AAC coach of the year Tim Jankovich getting it done at SMU

SMU head basketball coach Tim Jankovich laughs as he talks with journalists during the Mustangs' practice on Thursday, March 16, 2017 at BOK Center in Tulsa, Oklahoma.

So far, Kansas basketball coach Bill Self’s tree is 0-2 in the NCAA Tournament.

Kansas State bounced Danny Manning’s Wake Forest squad in Dayton and Joe Dooley’s Florida Gulf Coast University team fell short in its upset bid against Florida State.

SMU head coach Tim Jankovich can keep the tree from getting skunked. His Mustangs take on USC in a tipoff scheduled for 2:10 p.m. in the BOK Center, a rematch of a Nov. 25 game USC won, 78-73.

Junior forward Semi Ojeleye, an Ottawa High graduate and Duke transfer, was named American Athletic Conference player of the year and a second-team Academic All-American.
Jankovich has multiple ties to Kansas. He was an assistant to Bill Self in his first four seasons at Kansas and left to become head coach at Illinois State, hired by current KU athletic director Sheahon Zenger.

“He’s great,” Ojeleye said of Jankovich, named AAC coach of the year. “He’s a players’ coach. He’s just so relaxed. If you didn’t know he was a head coach you wouldn’t be able to tell by the way he walks around.”

Ojeleye compared and contrasted Jankovich’s style to that of Larry Brown, under whom Jankovich coached at SMU before taking over for him.

“I think it’s a little more up-tempo,” Ojeleye said. “Coach Brown kind of winced every time someone shot a 3. Coach (Jankovich) wants us to have the offensive freedom. But I think on the defensive end they are pretty much exactly the same. They want us to guard, play together. I think they really hang their hat on the defensive end. They’re similar and different, but they’re both great coaches.”

Jankovich has a brain built for X’s and O’s. A few years before college football teams began running it, Jankovich wondered why they didn’t use what became known as the Wildcat formation. He likes to tinker with offensive basketball X’s and O’s as well.
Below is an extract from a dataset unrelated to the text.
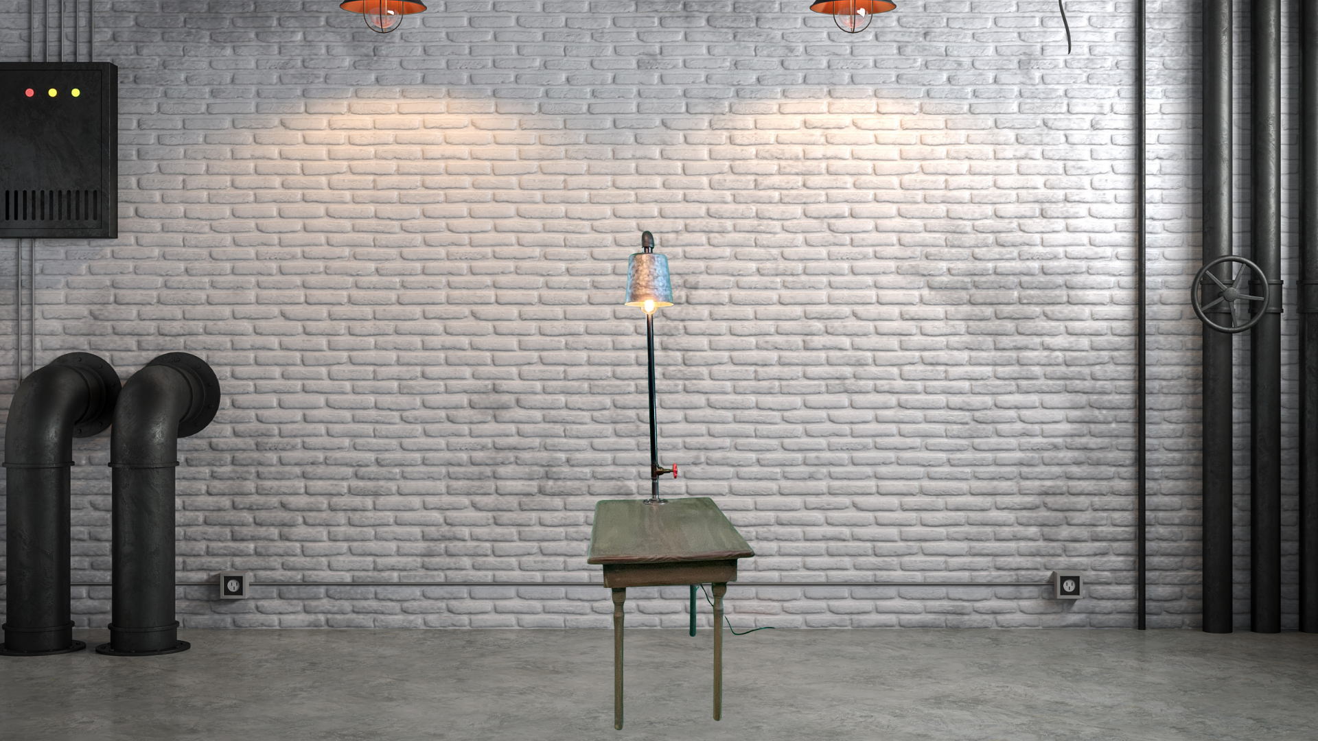 The table has been refinished with a hand-rubbed stain that highlights the natural grain and gives it a warm, timeless look. The lamp column is made from real steel pipe, fitted with a standard E26 socket and a hammered metal shade that casts a warm, soft glow. The red valve acts as the on/off switch, making the function as creative as the design.

“I don’t know how many different, not just sets, but base offenses we’ve put in this year,” Ojeleye said. “We’ve tried three out, two in, we’ve tried a high-low offense, four out, one in, ball-screen, I mean we just continue to adapt based on what types of teams we’re about to play in trying to attack matchups. Even during games, if he sees something he’ll put something in real quick to try to go at that matchup, so he definitely adapts to what’s coming at him.”
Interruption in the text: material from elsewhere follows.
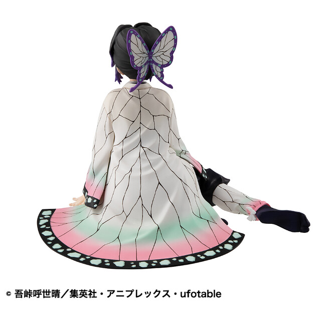 「G.E.M. 掌中的忍桑(胡蝶忍)」僅有 7.5 公分高,便於收藏更能呵護手中。在嬌小尺寸下刻劃出溫柔而神秘的微笑、特徵的蝴蝶髮飾與輕柔的坐姿,能從纖細的手指、腳掌造型感受到忍的優雅,羽織如同蝶翼般華麗的花紋也透過轉印、漸層塗裝徹底再現。

Ojeleye said Jankovich has the gift of communicating complex things in “the simplest terms, and I think we have a high-IQ team, as he calls it, that can really understand it and implement things on the fly.”
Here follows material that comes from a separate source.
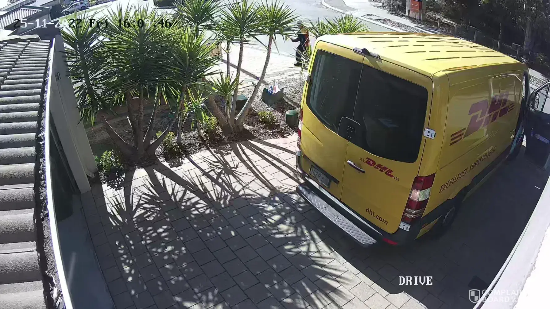 On Friday 25 November 2022 a DHL Mercedes Van '1GFP 671' backed into my driveway then proceeded to then deliver a parcel to the next door neighbour. Whilst it is illegal to park on someone elses driveway or to block access to that driveway, it is note worthy that, whilst that neighbours driveway had two cars they owned and parked on their driveway, it does not give that driver the right to block my driveway or park on it when delivering to another address. In particular, whilst the neighbour is a corner block, there is no reason why he could not have parked down the otherside of his block (Flagstaff Road) or, parked in one of the two car spaces in front of the park opposite, or, on the side of the road opposite. Blocking my driveway is illegal. That a member of my household was due any moment is irrelevant s the law clearly says, not in front of or on someone's driveway. I have a photo and a video from my security cameas, happy to send to you. However, it is odvious, YOU must inform your drivers it is both illegal, inappropriate and unreasonable to block or park their vehicle on the driveway. This Van has blocked my driveway once before. Maybe it is the direction of DHL to deliver quickly and blocking someone's drive is an acceptable procedure. It is not. Please advise this driver and others it is illegal. Thank you.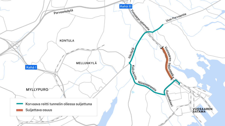Vuosaaren tunnelin ollessa ensi vuoden suljettu remontin takia liikenne siirtyy käyttämään sen virallista varareittiä, joka kulkee Itäväylän, Kallvikintien ja Niinisaarentien kautta Vuosaaren satamaan. Odotettavissa onkin selkeästi kasvaneet liikennemäärät, mikä on hyvä ottaa huomioon omaa liikkumista suunnitellessa.

SMU (30-4) is riding a 16-game winning streak and Jankovich throws some of the credit for that the way of Ojeleye for the hard work he put in during his one-and-a-half year layoff after transferring from Duke and then watching the school receive sanctions that included a ban from participating in the 2016 NCAA tournament.

“If you want to be a player what else is there to do?” said Jankovich, who played at Kansas State. “But you know what, there a lot of guys around the country, they have a lot of time, too, and they’re not in there (the gym working on their games).

“Sitting out, after your school work’s done, what else do you have to do? Don’t give me the video games thing. Don’t be good at that. That’s not doing you any good. I don’t care how many you scored in the video game. Get over here and work on your real game, and he definitely does that.”

A conscience pang made Jankovich confess that he too once played video games: Space Invaders (released in 1978) and Pac-Man (1980), which at the time were considered unbelievable advances from Pong (1972).